Description of problem: Normal user triggers and installs software updates with no password request. Fedora 18 TC2 Release Candidate. One account is with Administrator privileges One account is with normal user privileges (title is guest) The guest account user clicked on add/remove software, and then selected software update, which in the menu for the former. It resulted in the automatic search for and installation of updates. Should any regular normal user be allowed to install updates without providing the administrator password, and without being a member of the wheel group? This means that a normal user of Fedora 18 can trigger and install updates without root or administrator's concent. Version-Release number of selected component (if applicable): How reproducible: Steps to Reproduce: 1. 2. 3. Actual results: Expected results: Additional info:
Fedora 18 DVD Jan 15th version From a guest account I am able to start a software update. Only via an account with root privileges (root, or via sudo) should updates be permitted. Here is the result of my test result. The guest account is a normal (no administrator) privileges). There is no request for authorisation. Start Add/remove software, From Software Menu icon, click on it and select Check for Updates The result is that the linux system is updated. Why this should not be. We may have some application, database, network, or business application that needs execution with the linux system as it is. By the non-authorized user, the updates were selected and applied, and with a kernel update, a reboot was required. This reboot caused previous program(s) to fail. Only via root privileges should an update be permitted.
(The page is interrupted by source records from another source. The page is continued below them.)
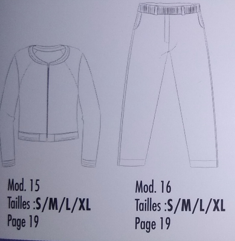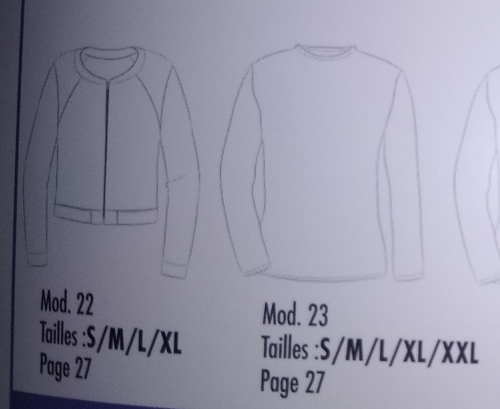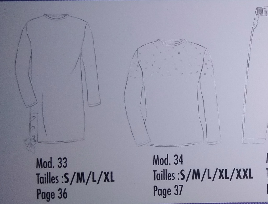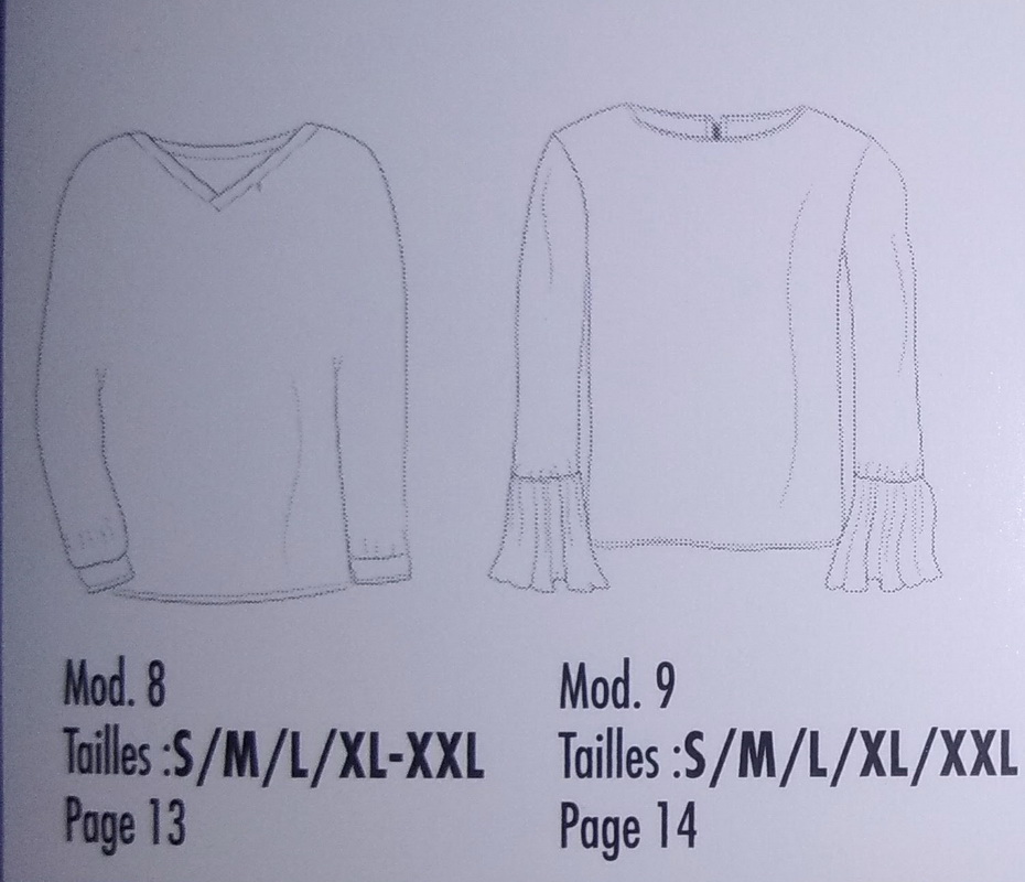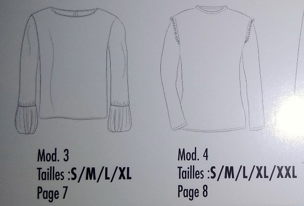 C’est tout bête mais j’aime beaucoup ces petits encarts à côté de chaque photo de vêtement. Ils nous indiquent le modèle de base utilisé, les tailles, la difficulté et le tissu utilisé.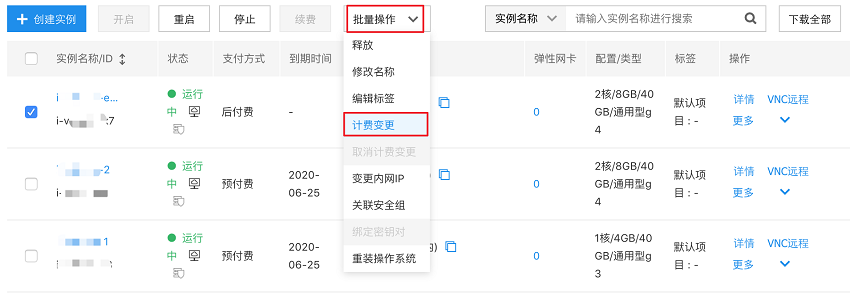 - 多个实例计费变更:勾选要变更的后付费实例,点击顶部的 “批量操作 - 计费变更”,如下图所示。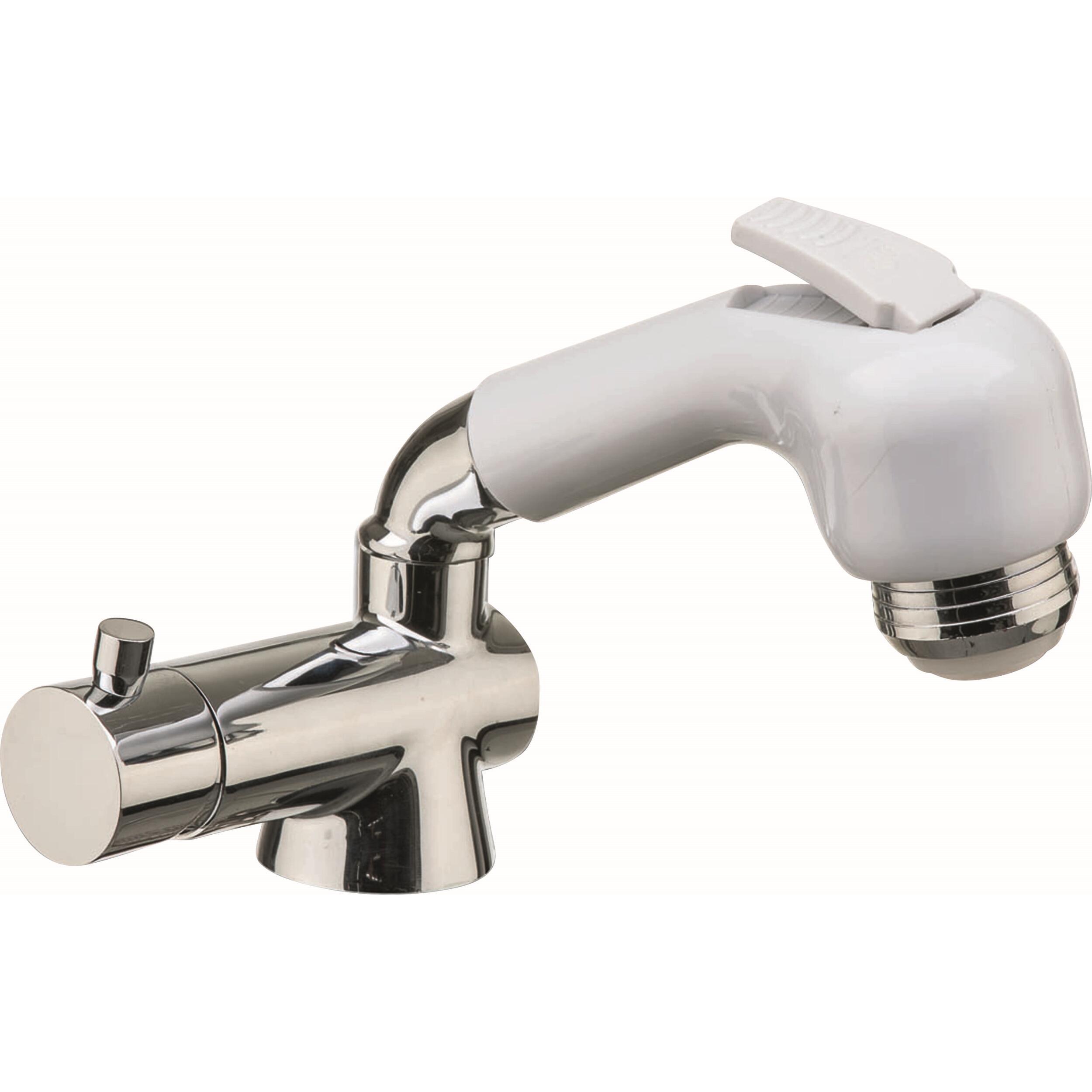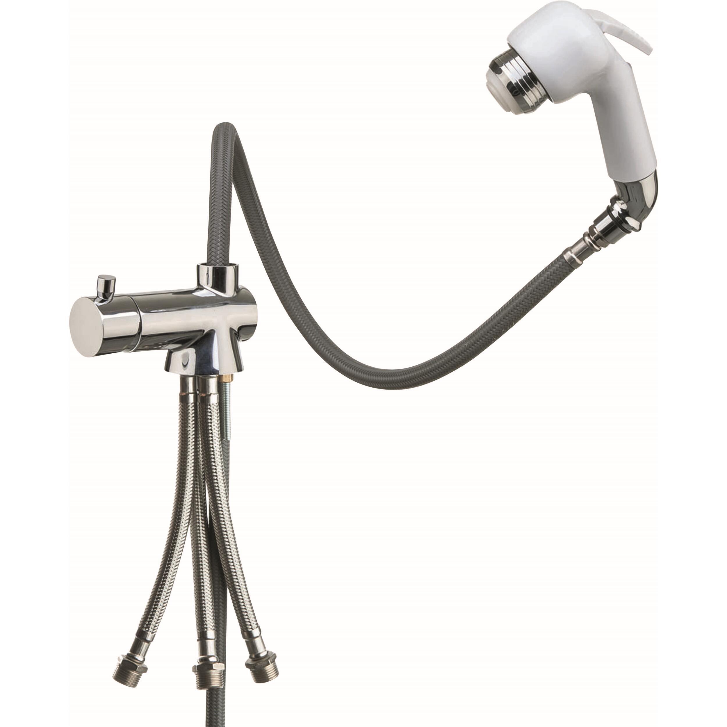 Robinet en laiton chromé avec mitigeur eau froide / eau chaude. Sa douchette est équipée d’une gâchette de contrôle de flux. Prévu pour un montage sur paroi horizontale. Compatible avec pompe automatique.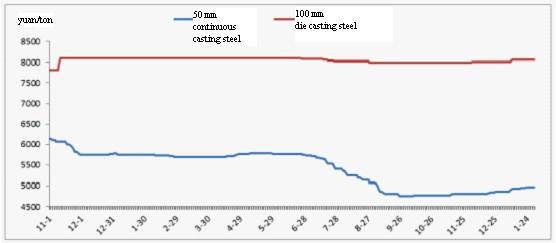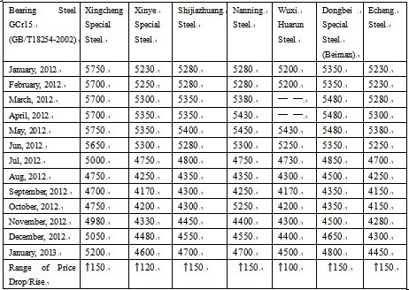According to the statistics from Mysteeel.com: up to the end of January, 2012, the average price of GCr15Φ50mm continuous casting non-annealed steel in China was 4,962 yuan/ton; the average price of GCr15Φ100mm die-casting annealed steel was 8,068 yuan/ton. (some modifications applied to the statistical method)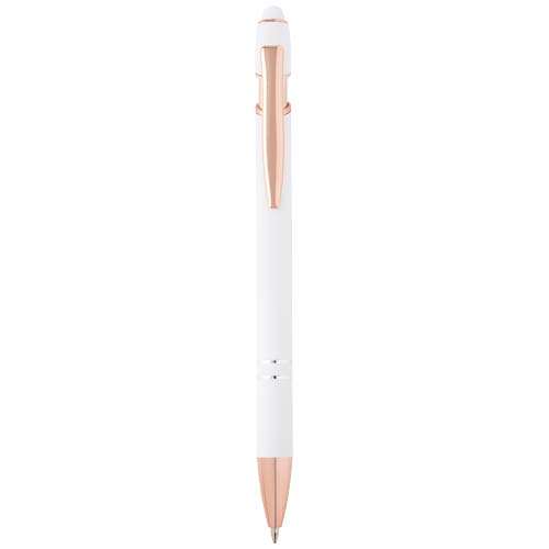 La penna a sfera Nanna con finitura oro rosa, presenta un fusto realizzato in alluminio riciclato con stilo tattile in silicone. L'alluminio riciclato riduce la quantità di rifiuti nelle discariche e aiuta a conservare le risorse naturali con l'obiettivo di ridurre le emissioni di gas serra. Colore dell'inchiostro: Blu. Capacità di scrittura: 800 metri. Dimensione del pennino: 1,0 mm.Colore inchiostro: Blue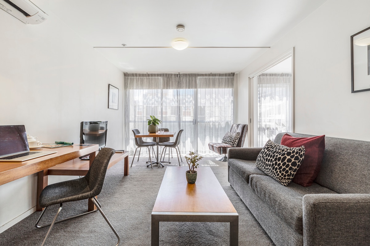 Our stunning serviced Studio Apartments provide a stylish, open-plan space to unwind and relax. Offering a comfortable queen bed with custom linen, apartment-controlled heating/air conditioning, fully equipped kitchen with coffee machine. Full bathroom with amenities and hair dryer, LCD TV with Netflix connectivity and WIFI. A wardrobe, ironing board and iron, and private safe add to the convenience. Guests have full access the rooftop Infinity Pool and Gym. Daily Servicing excluding weekends.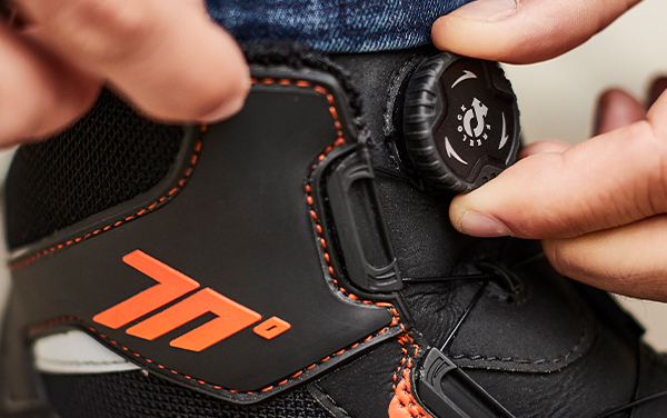 Ghete moto Urban Unisex Seventy model SD-BC10 culoare: negru/portocaliu Caracteristici: • culoare: negru/portocaliu; • marimi disponibile: 36-49; • utilizare: unisex; • ghete omologate: CE Approved: EN 13634:2017; • aspect sportiv; • ghete intarite la calcai, glezna si degete; • ghete fabricate din microfibre, ideale pentru utilizare zilnica; • pentru o asigurare fixare mai buna si pentru un confort sporit si o siguranta maxima, ghete se regleaza cu un sistem de strangere actionat prin rotita centrala; • sistemul de strangere permite fizarea ghetei foarte rapid; • pentru slabirea fixarii ghetei sau pentru desfacerea ei, se trage rotita in exterior; • talpa antiderapanta; • insertii reflectorizante in partile laterale si in spate, pentru o vizibilitate crescuta.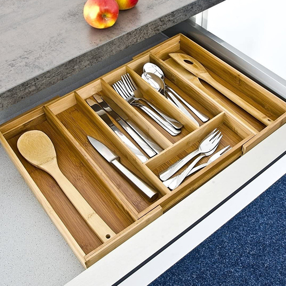 Porta Talheres Organizador Gaveta Bambu 7 Divisoria Extensivel Ajustavel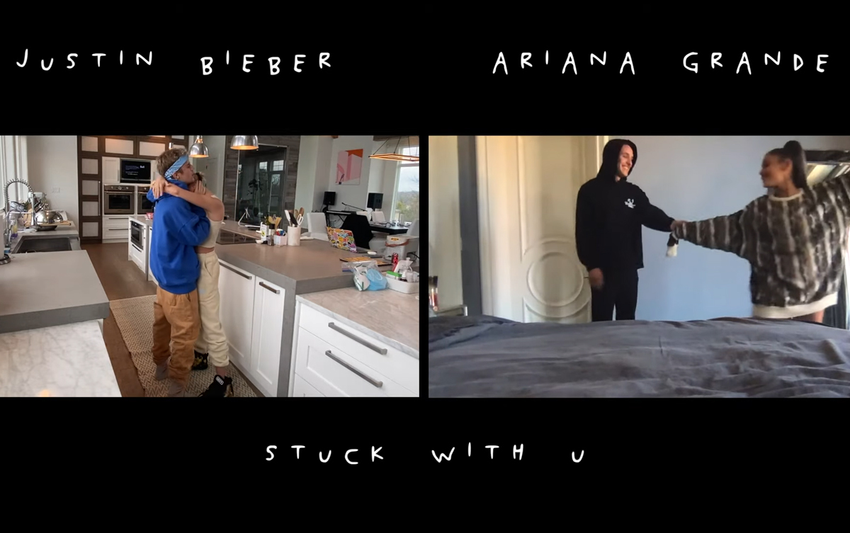 Ngày 8/5, Ariana Grande đã chính thức phát hành video âm nhạc cho ca khúc hợp tác với nam ca sĩ nổi tiếng Justin Bieber mang tên Stuck with U. Sản phẩm hợp tác này rất được khán giả mong đợi và đúng như dự đoán, MV của nó được lấy theo chủ đề cách ly trong mùa dịch COVID-19. Đặc biệt hơn, nữ ca sĩ còn tiết lộ danh tính bạn trai của mình trong video âm nhạc mới ra mắt này.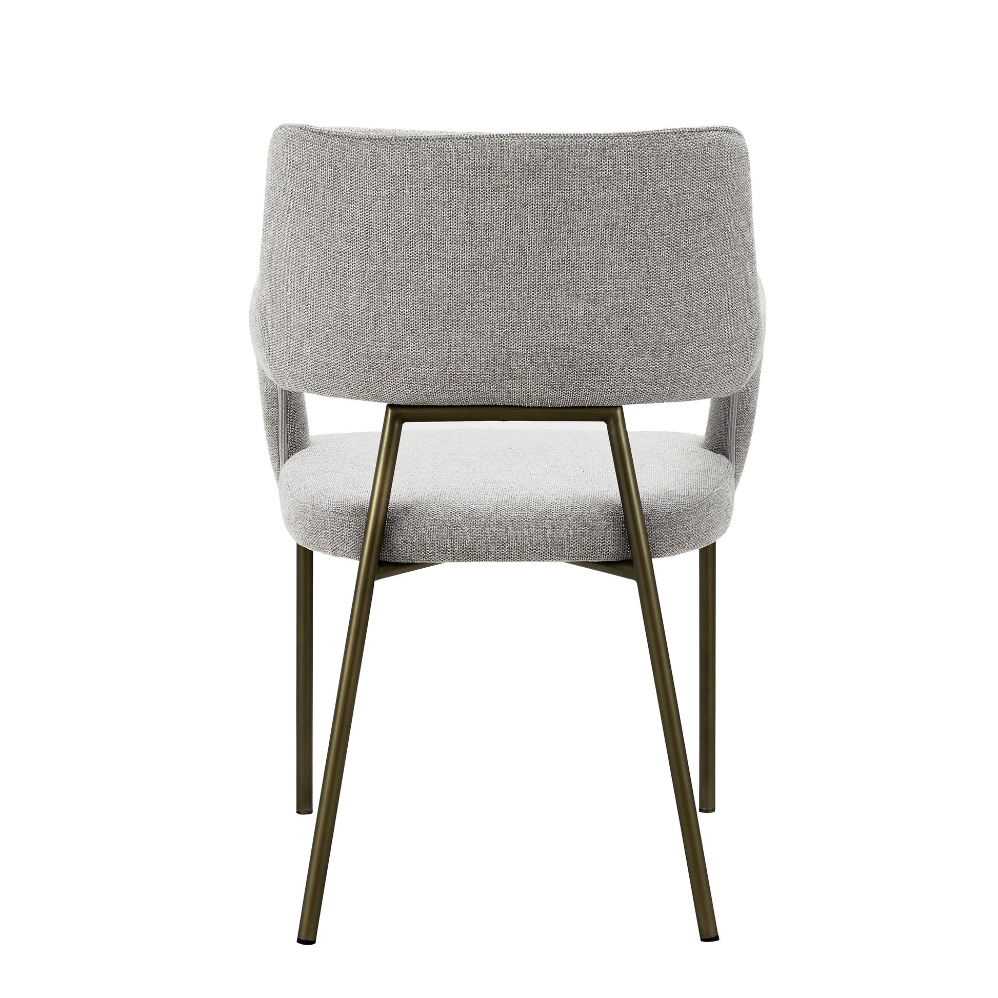 The Modrest Childers Dining Chair showcases a chic modern aesthetic with its soft grey fabric upholstery and sleek antique brass legs. Its ergonomic design features gentle curves and supportive armrests, creating an inviting seating option for any dining space. The combination of contemporary fabric and vintage-inspired metal adds a touch of sophistication and warmth, making it a versatile piece that complements various interior styles. This chair is perfect for enhancing your dining experience with both comfort and elegance.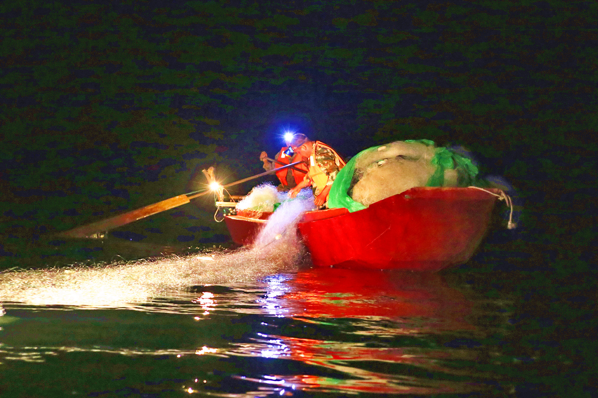 經過近半年時間的等待,北京密雲水庫迎來開漁季。圖為25日夜的密雲水庫庫區深處,漁民開始下網捕魚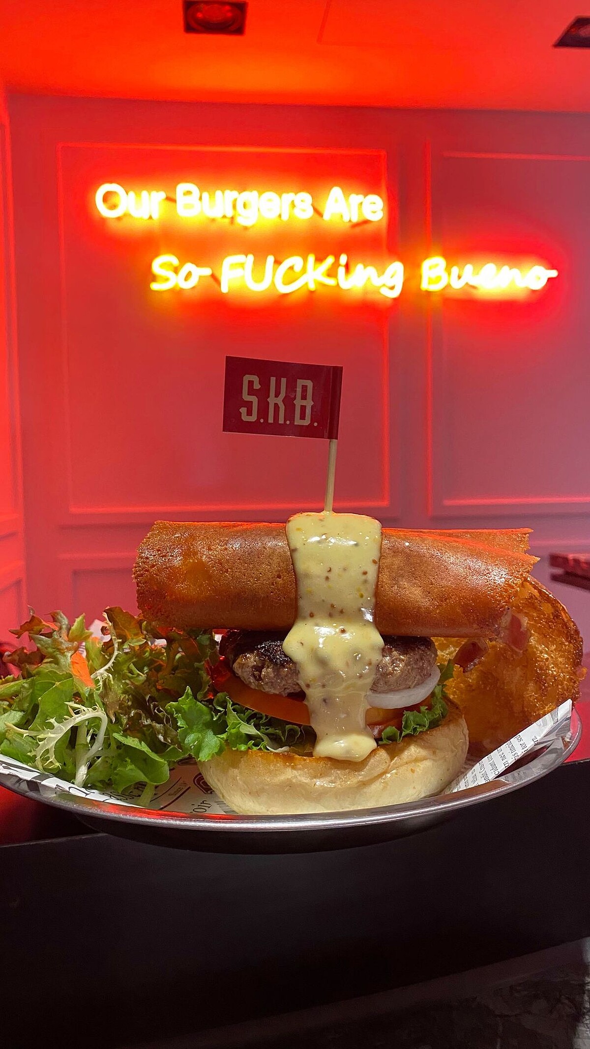 《SKB Burger》新美式漢堡專賣店靠近忠孝復興捷運站,店內裝潢走的是個性派路線,而創辦人Daniel不只曾長期居住美國加州約15年,更曾任職於亞都麗緻飯店巴黎廳,這回他以拿手的分子料理,翻轉傳統美式漢堡,帶來許多驚喜般的新滋味。

Is my guest account (non administrator) going to initiate updates without providing a password?
Suppose I am running an application that requires a very specific version of installed software, and the normal user selects software update. My specific version of software may be overwritten, which means that other applications that will call the reserved version could fail. We don't stand behind the user, watching what he does. He may trigger an update. One option-- Require software updates to always require root privileges 2nd option-- Provide a blocking option as within yum such as exclude= 3rd option-- Do not show software selection for a normal user account. Implement or indicate if it is a do-not-fix or will be fixed, and fix it.
This bug is a request to fix an insecurity problem.
A standard user should not be allowed to trigger software updates. Refer to comment 3 above
if guest user issues sudo, and is not in wheel group, user is blocked.